Ungefähr 1919 oder 1920 baute man dann die "Zentrale" dort, wo heute das Feuerwehrhaus steht. Im sogenannten Gasgenerator wurde Anthrazitkohle unter Luftabschluß erhitzt. Die Schwelgase gelangten durch Rohrleitungen zu zwei Sauggasmotoren, wovon der kleine 25 PS (ca. 19 kW), der große 40 PS (ca. 30 kW) "auf die Beine" brachte, allerdings nur dann, wenn das Gas vor dem Zünden mit der richtigen Menge Luft gemischt war. Der kleine Motor mußte von Hand angeworfen werden. Dabei trat einer in die Speichen des Schwungrades, ein zweiter Mann drehte am Außenkranz. Nach kalten Winternächten war das nicht so einfach. Einmal stand Stiepels Hermann in den Speichen, ich drehte am Außenkranz, als eine Frühzündung das Rad rückwärts laufen ließ. Hermann wurde von diesem Schwung hochgeschleudert. Glücklicherweise konnte ich seinen Fall bremsen, so daß ihm nichts passierte.

Die Zentrale

Der große Motor war wassergekühlt und wurde mit Preßluft gestartet. Breite Treibriemen übertrugen die Motorleistung auf Generatoren (Dynamos), die 220 Volt Gleichstrom lieferten. Hermann Stiepel und Hans Pohlmann waren die Betriebsfachleute. Sie sorgten dafür, daß die Maschinen von morgens 5.00 Uhr bis abends 23.00 Uhr liefen. Dabei hatte im Wechsel einer von 5.00 Uhr bis 20.00 Uhr, der andere von 5.00 Uhr bis 18.00 Uhr und von 20.00 Uhr bis 23.00 Uhr Dienst.
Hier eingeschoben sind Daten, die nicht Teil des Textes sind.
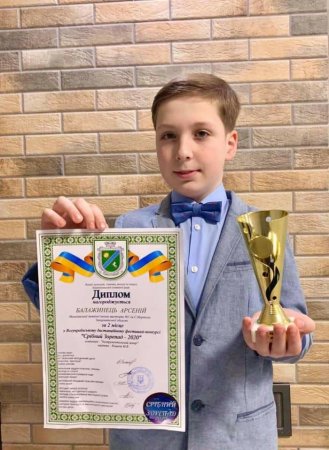 Талановитий вихованець Мукачівської дитячої школи мистецтв імені С. Мартона Арсеній Балажинець здобув II місце на всеукраїнському дистанційному фестивалі-конкурсі «Срібний Зорепад-2020».
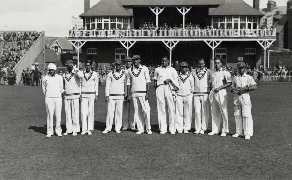 India’s first Test team – L-R: Lall Singh, S Nazir Ali, Jehangir Khan, S Wazir Ali, SR Godambe, CK Nayudu (Captain), Amar Singh, J Naoomal, SHM Colah, PE Palia, JG Navle.
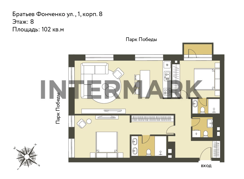 Невероятно воздушная квартира с 2-мя спальнями потрясающими видами на Поклонную гору и парк в клубном корпусе элитного жилого квартала Victory Park Residences. «Фишки» квартиры — это красивые виды изо всех окон и высокие потолки 3,3 м — квартира наполнена воздухом и светом. Спланированы кухня-гостиная с угловым остеклением, 2 мастер-спальни со своими с/у, гостевой с/у с постирочной зоной. Установлены высокие нестандартные межкомнатные двери. Выполнена чистовая премиальная отделка в стиле неодеко в сдержанной палитре, идеально гармонирующей с воздушной архитектурой дома и панорамами Поклонной горы за окном. Предусмотрена центральная система кондиционирования и фильтрации воздуха.

Der nächtliche Energiebedarf wurde aus Batterien gedeckt, die tagsüber aufgeladen wurden. Mehrere lange Reihen von Glasgefäßen, etwa 1/2 m x 1/2m x 3/4 m groß, mit Batterieplatten versehen, standen im Nebenraum.
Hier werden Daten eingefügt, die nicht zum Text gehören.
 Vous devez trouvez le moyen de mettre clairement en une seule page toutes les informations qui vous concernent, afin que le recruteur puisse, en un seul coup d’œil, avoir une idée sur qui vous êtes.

Das Feuer brannte nachts auf "Sparflamme". An Sonn- und Feiertagen lief nur der kleine Motor mit dem kleinen Dynamo. An den Schützenfesttagen hatte ich oft das Oberkommando in der Zentrale, denn Pohlmann und Stiepel waren beide im Spielmannszug. Hans flötete und Hermann trommelte.
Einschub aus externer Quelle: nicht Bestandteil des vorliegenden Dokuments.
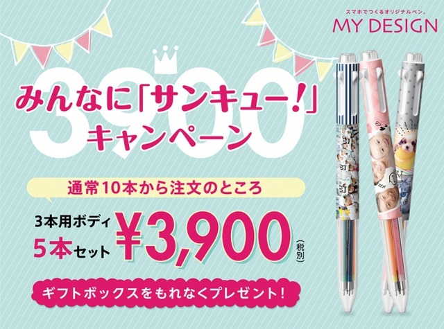 「マイデザイン」は、スマートフォンアプリ『MY DESIGN』で、カスタマイズペンi+(アイプラス)のペンボディを簡単にデザインして購入できるサービスです。2016年1月から全国展開を開始し、スマートフォンに入っているお子さまやペットの写真から、オリジナルペンを作ってギフトに利用できることが、20代~30代の女性を中心にご好評をいただいています。
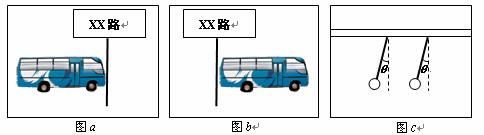 如图a、b所示,是一辆质量为6×103kg的公共汽车在t=0和t=4s末两个时刻的两张照片。当t=0时,汽车刚启动(汽车的运动可看成匀加速直线运动)。图c是车内横杆上悬挂的拉手环经放大后的图像(其中细绳与竖直方向的夹角可以测量)。根据题中提供的信息,可以估算出的物理量有( )
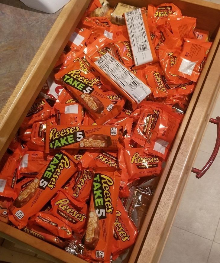 7. "Niektórzy mają szufladę z przekąskami. Ja mam szufladę z batonikami Reese."
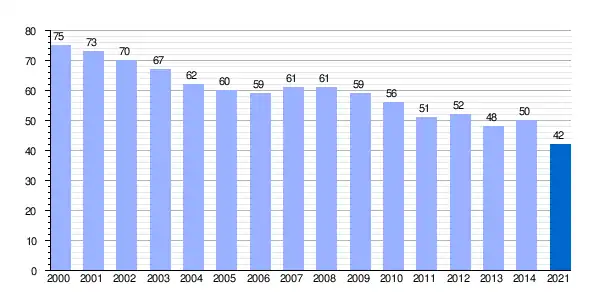 Gráfica de evolución demográfica de Santa Marinica[2] entre 2000 y 2021 |
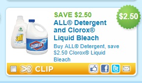 There is a nice high value coupon available for $2.50 off Clorox and All detergent.
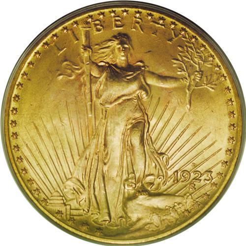 <B>1923-D $20 MS66 PCGS.</B></I> The 1923-D is the only postwar branch mint issue readily encountered in Mint State. The surfaces of this Premium Gem are richly covered with mint luster and show light, variegated colors of apricot-gold and pale-green, along with sharply struck design elements. A handful of small marks on each side are not bothersome.<BR><BR><b>Shipping:</b> Coins & Currency (<a target="_blank" href="http://www.heritageauctions.com/common/shipping.php">view shipping information</a>)
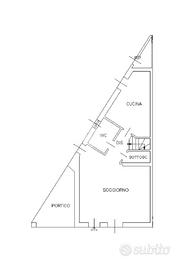 All'ingresso troviamo un ampio e luminoso soggiorno con doppio accesso allo spazio esterno, ideale per il relax e la convivialità. Un disimpegno conduce al bagno di servizio finestrato e alla cucina abitabile, anch'essa collegata al giardino. Completa il piano terra un pratico sottoscala ad uso ripostiglio.

Das Versorgungsgebiet der Uelsener Zentrale erstreckte sich von Lübbermann und Siemelink (Vischer/Weered) in Lemke, die eine eigene Zuleitung direkt von der Zentrale hatten, bis zu den Zollhäusern an der Geteloer Straße. Für die Leitung zu den Zollhäusern mußten Pohlmanns Hans und ich am Bokenkämpken einen A-Mast setzen. Damit haben wir große Schwierigkeiten gehabt. Das Ding war für zwei Mann zu schwer.

Die Hauptabnehmer waren die Werkstätten, die von Hand- auf Maschinenbetrieb umgestellt wurden (Möbel-Voet, Beck-Geit, Wagenmaker Scholten und andere). Wenn dann bei Einbruch der Dunkelheit in denHäusern zusätzlich die Beleuchtung eingeschaltet wurde, ging die Spannung bis auf 180 Volt zurück. Rechnet man dann noch den Spannungsverlust in den Leitungen z.B. bis zu den Zollhäusern, kann man sich vorstellen, daß die Glühlampen nur noch als Rotlicht wirkten. Es gab sowieso nur "Birnen" von 10 und 15 Watt für Flure, und solche, von 20, höchstens 25 Watt für Wohn- und Arbeitsräume.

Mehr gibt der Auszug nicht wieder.